By the end you will be able to explain the order of wear and the principle that fixes it, state the rules for wearing insignia and honours, including full medals against undress ribbons and the wearing of another State's awards, describe how badges of rank and appointment are worn so that rank can be read at a glance, tie the wearing of honours to the orders of dress, and explain why unauthorised distinction is never worn and why a false medal corrodes the honour of all.

Key Terms

  • Order of wear: the fixed order of precedence in which honours, decorations, and medals are worn on the uniform, settled by the Honours Chancellery, with the senior award nearest the centre of the chest and the rest running outward in descending seniority.
  • Insignia: the emblems worn on the uniform that show a member's rank, appointment, honours, and recognition; the visible marks of who a member is and what they have earned.
  • Badge of rank: the insignia that shows a member's rank in the Table of Ranks, worn in its correct place so that rank can be read at a glance and the correct courtesies paid.
  • Badge of appointment: the insignia that shows a particular appointment or duty a member holds, worn alongside the badge of rank where the appointment carries one.
  • Full medals: the actual decorations and medals, mounted and worn on the chest, worn on ceremonial dress and on the great occasions where full honours are called for.
  • Undress ribbons: the small ribbons, in the colours of each award, worn in place of the full medals on service and ordinary orders of dress; the everyday form of the same honours.
  • Register of Awards: the authoritative record of entitlement kept by the Honours Chancellery and reflected in the member's Service Record; a member wears only the awards the register shows them entitled to.
  • Unauthorised distinction: any rank, honour, or emblem worn that has not been conferred or authorised; a falsehood worn on the body, never worn under any circumstances.

The order of wear

Honours are not worn at random or by the wearer's preference. They are worn in a fixed order of precedence, the order of wear, settled by the Honours Chancellery and the same for every member of the Army. The order follows the seniority of the honours themselves, exactly as Lessons 04 and 05 set it out: the Valour Cross is the most senior, then the Army Cross, then the Meritorious Service Medal, then the Exemplary Service Medal, the Army Service Medal, and the Humanitarian Service Medal, with the decorations and medals of the Army taking their place within the wider precedence of the honours of the State. A member who holds several awards does not choose how to arrange them; the order is fixed, and the member's task is to mount and wear them in it.

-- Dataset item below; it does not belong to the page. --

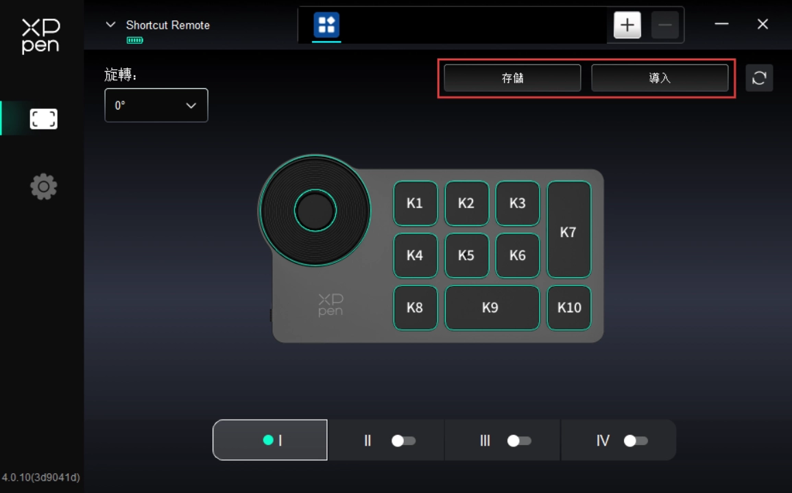 注意:請在有線連接的情況下使用「匯入」和「儲存」功能。「匯入」和「儲存」的配置中不包含旋轉功能,且僅在相同系統下有效。

The principle that governs the arrangement is worth fixing plainly, because it explains the whole of what follows: the senior award is worn nearest the centre, nearest the heart, and the rest run outward in descending order of seniority. The place of greatest honour is the place closest to the centre of the chest, and seniority is read by proximity to it. A member with three awards wears the most senior of the three at the inner edge of the row, closest to the centre, and the others outward from it in order. This is not a decorative convention but a statement of precedence made visible: the watcher reading the chest reads the member's most senior honour first, in the place of honour, and the rest in their settled order outward.

   THE ORDER OF WEAR ON THE CHEST
   (worn on the left, the senior award nearest the centre)

        CENTRE OF                                   OUTER
        THE CHEST                                   EDGE
            |                                         |
            v                                         v
        [ SENIOR ] [   2ND   ] [   3RD   ] [  ...  ] [ JUNIOR ]
         nearest                                      furthest
         the heart                                    from centre

   The place of honour is nearest the centre.
   Seniority is read by closeness to it, descending outward.
   The order is FIXED by the Honours Chancellery, not chosen.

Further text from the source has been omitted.